ACTION ITEM: Using the listing below, please print exactly the lines from the one with "Ceramiczne dekoracje w" through the one with "Amazing condition!! Single-story". Leave out every picture.

GIVEN DATA START

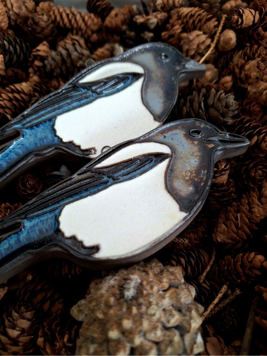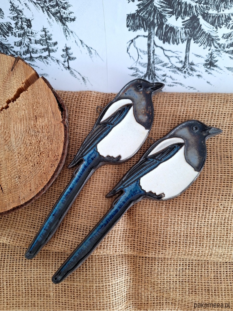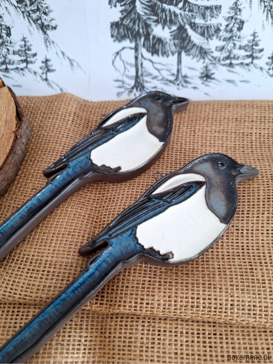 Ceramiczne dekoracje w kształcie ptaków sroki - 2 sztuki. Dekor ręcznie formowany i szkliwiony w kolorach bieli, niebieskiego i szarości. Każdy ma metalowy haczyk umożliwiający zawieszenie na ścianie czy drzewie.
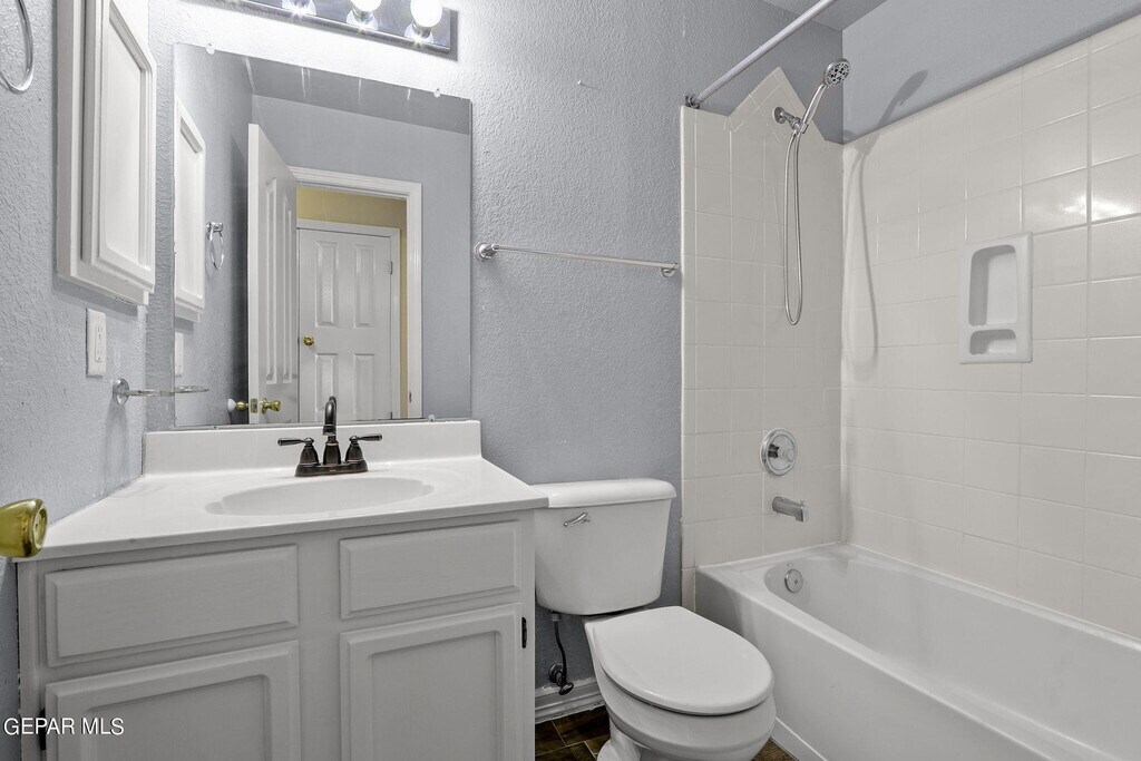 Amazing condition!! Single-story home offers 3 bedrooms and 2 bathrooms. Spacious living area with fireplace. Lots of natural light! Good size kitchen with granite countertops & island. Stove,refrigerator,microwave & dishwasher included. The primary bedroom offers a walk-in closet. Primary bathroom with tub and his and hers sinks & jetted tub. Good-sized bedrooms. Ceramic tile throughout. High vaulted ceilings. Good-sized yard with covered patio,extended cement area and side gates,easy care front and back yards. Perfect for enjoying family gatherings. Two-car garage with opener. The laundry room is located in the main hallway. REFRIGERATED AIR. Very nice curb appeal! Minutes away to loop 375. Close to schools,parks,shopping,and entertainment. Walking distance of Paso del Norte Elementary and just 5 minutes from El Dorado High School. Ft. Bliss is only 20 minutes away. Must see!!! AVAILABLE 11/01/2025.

GIVEN DATA END
GIVEN DATA START

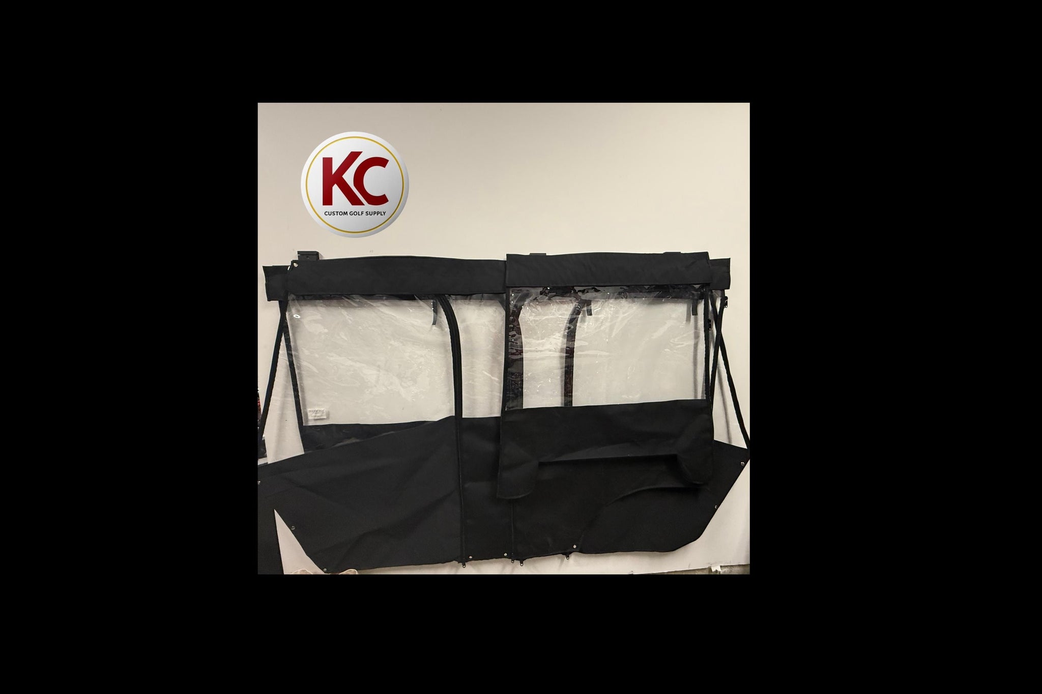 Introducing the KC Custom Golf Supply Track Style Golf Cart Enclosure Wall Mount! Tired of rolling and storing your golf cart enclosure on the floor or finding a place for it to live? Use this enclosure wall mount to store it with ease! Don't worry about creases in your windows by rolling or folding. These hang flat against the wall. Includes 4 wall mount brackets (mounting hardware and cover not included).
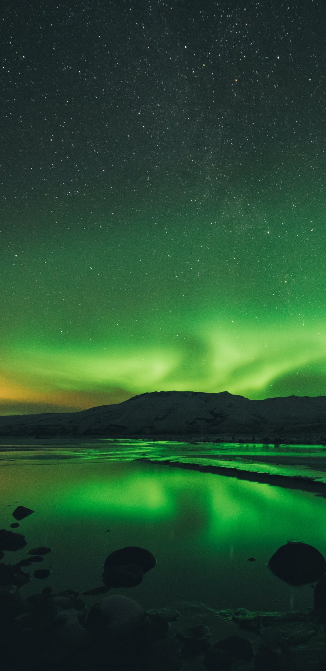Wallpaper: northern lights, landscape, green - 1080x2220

GIVEN DATA END

TASK SOLUTION:
 Ceramiczne dekoracje w kształcie ptaków sroki - 2 sztuki. Dekor ręcznie formowany i szkliwiony w kolorach bieli, niebieskiego i szarości. Każdy ma metalowy haczyk umożliwiający zawieszenie na ścianie czy drzewie.
 Amazing condition!! Single-story home offers 3 bedrooms and 2 bathrooms. Spacious living area with fireplace. Lots of natural light! Good size kitchen with granite countertops & island. Stove,refrigerator,microwave & dishwasher included. The primary bedroom offers a walk-in closet. Primary bathroom with tub and his and hers sinks & jetted tub. Good-sized bedrooms. Ceramic tile throughout. High vaulted ceilings. Good-sized yard with covered patio,extended cement area and side gates,easy care front and back yards. Perfect for enjoying family gatherings. Two-car garage with opener. The laundry room is located in the main hallway. REFRIGERATED AIR. Very nice curb appeal! Minutes away to loop 375. Close to schools,parks,shopping,and entertainment. Walking distance of Paso del Norte Elementary and just 5 minutes from El Dorado High School. Ft. Bliss is only 20 minutes away. Must see!!! AVAILABLE 11/01/2025.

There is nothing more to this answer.